··· RECORDS SHOWN ···

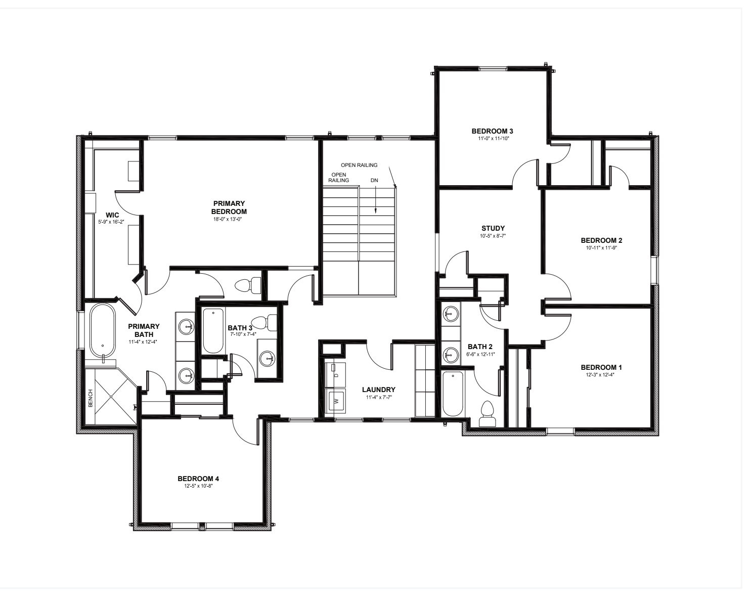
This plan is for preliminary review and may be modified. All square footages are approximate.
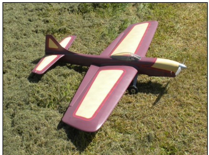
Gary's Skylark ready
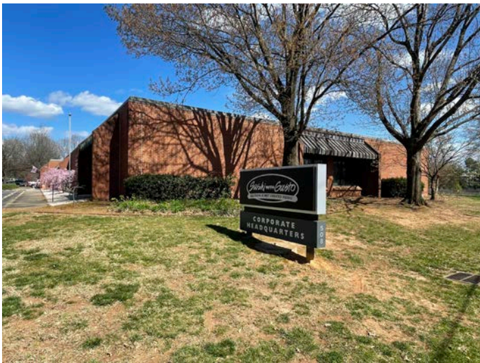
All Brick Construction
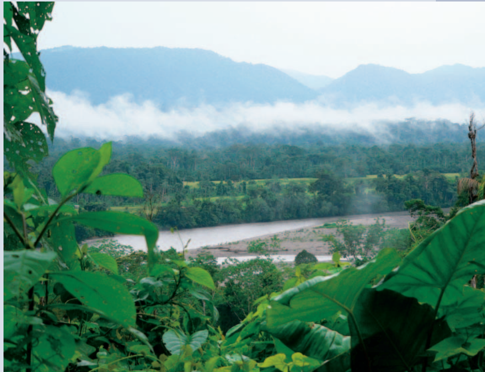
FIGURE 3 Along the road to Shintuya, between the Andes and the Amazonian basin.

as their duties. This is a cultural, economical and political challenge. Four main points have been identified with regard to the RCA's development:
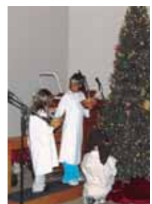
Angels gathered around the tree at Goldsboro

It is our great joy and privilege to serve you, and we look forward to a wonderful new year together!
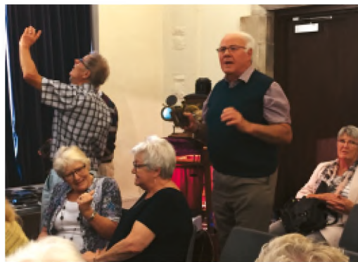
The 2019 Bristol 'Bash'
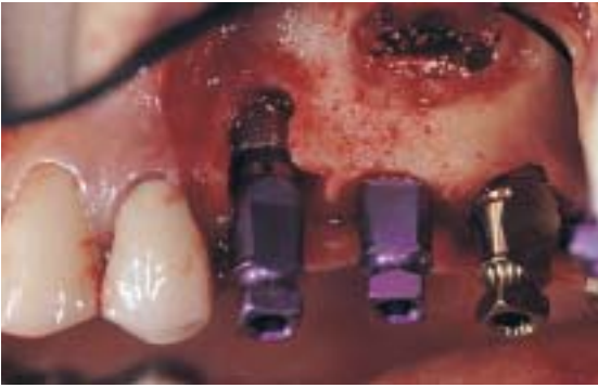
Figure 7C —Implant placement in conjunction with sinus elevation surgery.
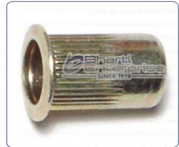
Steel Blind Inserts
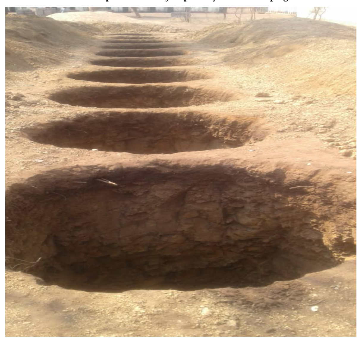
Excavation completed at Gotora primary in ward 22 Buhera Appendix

···
··· RECORDS SHOWN ···

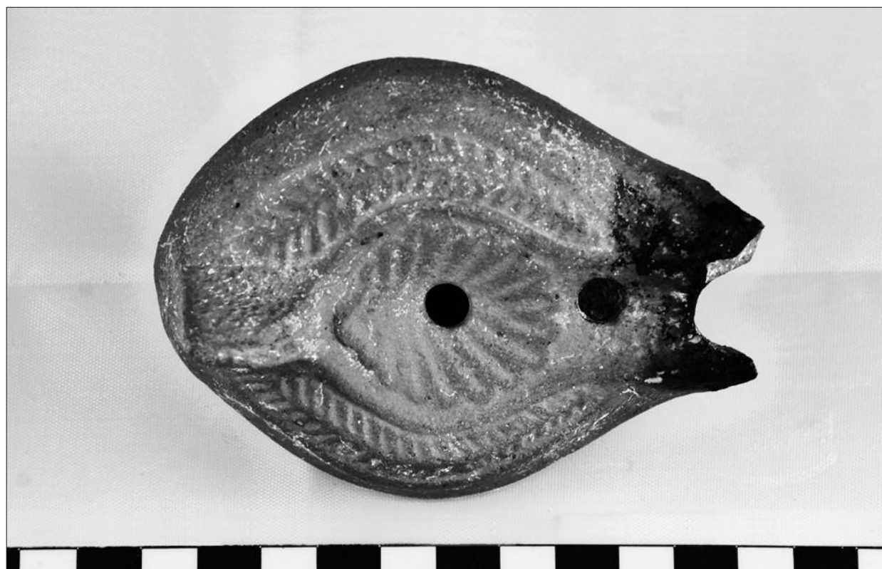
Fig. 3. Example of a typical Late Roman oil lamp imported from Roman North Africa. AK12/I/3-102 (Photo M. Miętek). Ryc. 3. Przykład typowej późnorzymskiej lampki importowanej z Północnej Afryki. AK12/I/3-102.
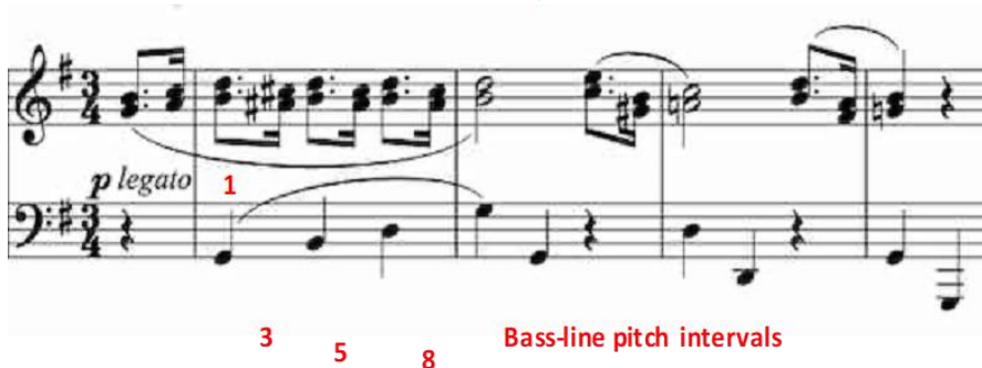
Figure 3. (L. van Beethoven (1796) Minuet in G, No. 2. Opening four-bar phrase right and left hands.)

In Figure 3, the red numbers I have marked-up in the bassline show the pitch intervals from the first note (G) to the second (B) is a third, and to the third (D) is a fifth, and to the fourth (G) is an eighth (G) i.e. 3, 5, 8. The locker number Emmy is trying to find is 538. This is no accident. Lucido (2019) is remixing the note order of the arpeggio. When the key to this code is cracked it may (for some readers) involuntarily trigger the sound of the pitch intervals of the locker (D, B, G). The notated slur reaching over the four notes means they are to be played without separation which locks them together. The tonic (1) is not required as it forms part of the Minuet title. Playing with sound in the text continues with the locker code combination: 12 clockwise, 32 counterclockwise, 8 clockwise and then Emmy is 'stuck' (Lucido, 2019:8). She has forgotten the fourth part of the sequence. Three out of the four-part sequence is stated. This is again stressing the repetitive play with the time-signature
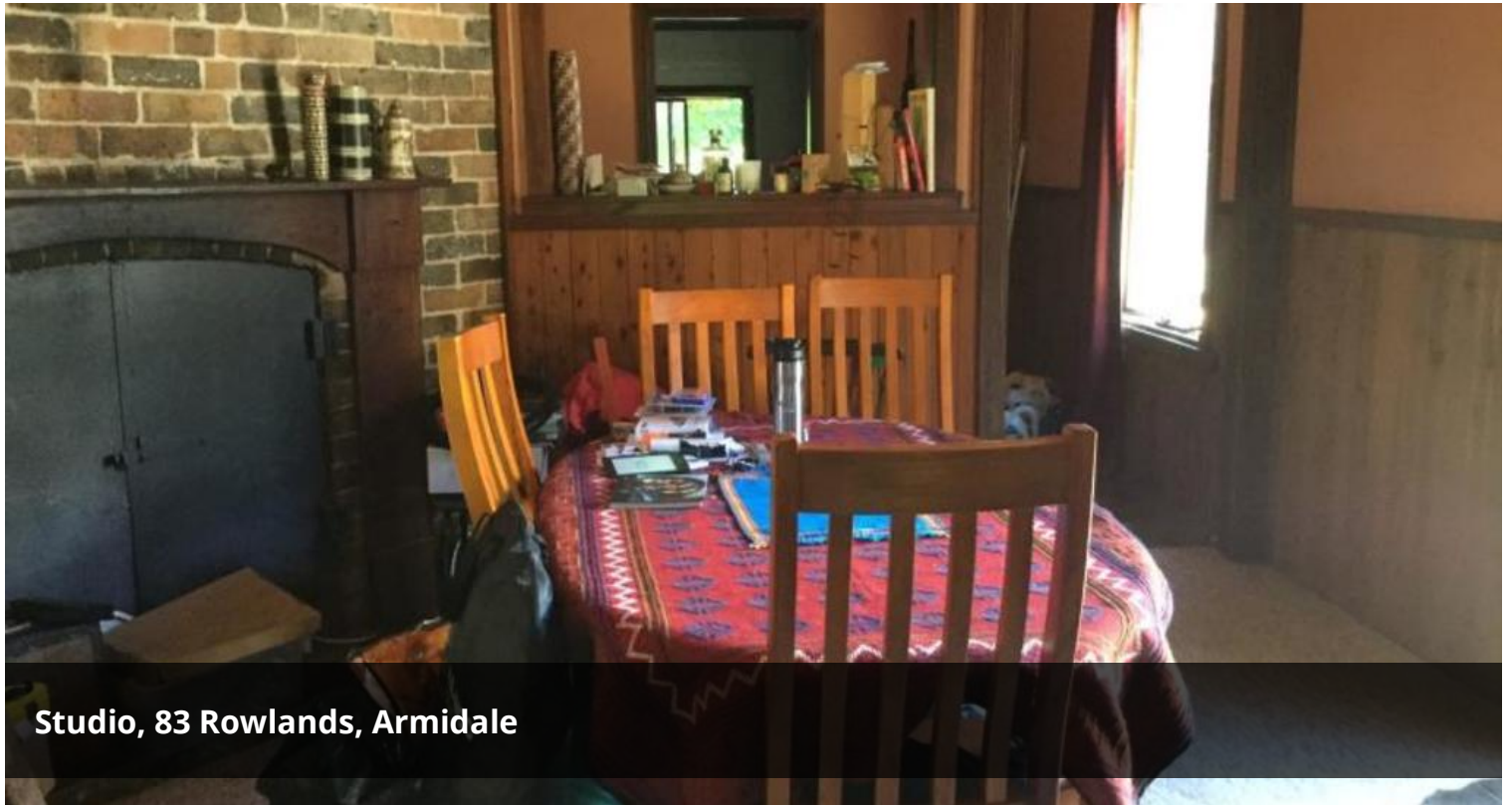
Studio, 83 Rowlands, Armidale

···
··· RECORDS SHOWN ···

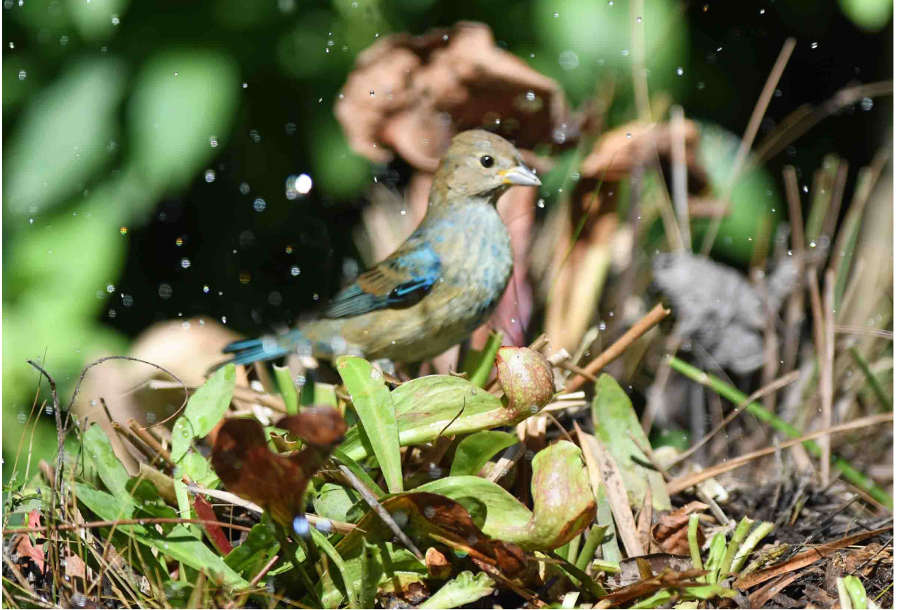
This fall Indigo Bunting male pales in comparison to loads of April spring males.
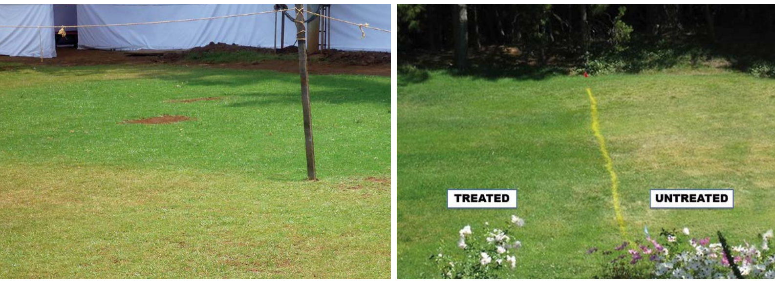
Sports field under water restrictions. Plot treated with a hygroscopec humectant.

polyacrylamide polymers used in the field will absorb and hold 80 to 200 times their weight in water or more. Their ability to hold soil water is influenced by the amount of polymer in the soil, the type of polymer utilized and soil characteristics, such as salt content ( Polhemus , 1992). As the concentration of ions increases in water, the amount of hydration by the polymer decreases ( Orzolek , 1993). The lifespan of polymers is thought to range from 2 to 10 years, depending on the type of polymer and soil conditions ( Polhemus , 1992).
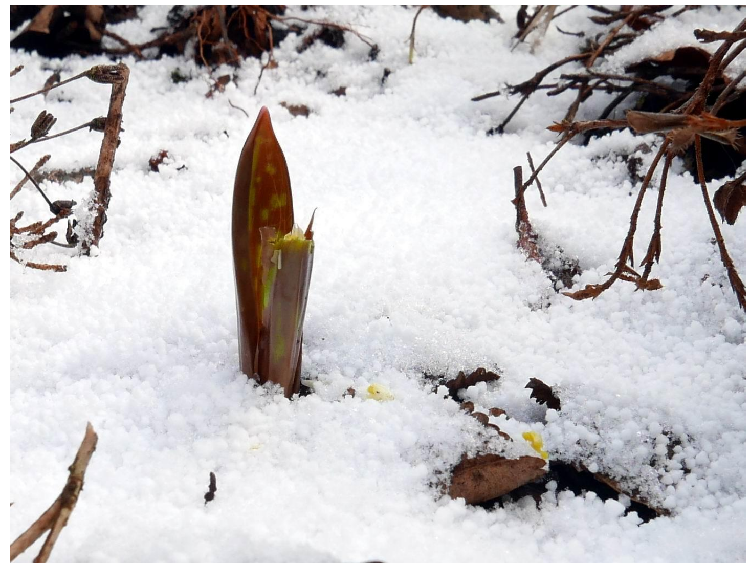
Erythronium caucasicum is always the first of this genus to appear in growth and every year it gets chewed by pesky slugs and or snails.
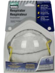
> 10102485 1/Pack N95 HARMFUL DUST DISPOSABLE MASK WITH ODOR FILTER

···

ACTIVITY → Show each line of the material holding "water".

EXERCISE RESULT →
Sports field under water restrictions. Plot treated with a hygroscopec humectant.
polyacrylamide polymers used in the field will absorb and hold 80 to 200 times their weight in water or more. Their ability to hold soil water is influenced by the amount of polymer in the soil, the type of polymer utilized and soil characteristics, such as salt content ( Polhemus , 1992). As the concentration of ions increases in water, the amount of hydration by the polymer decreases ( Orzolek , 1993). The lifespan of polymers is thought to range from 2 to 10 years, depending on the type of polymer and soil conditions ( Polhemus , 1992).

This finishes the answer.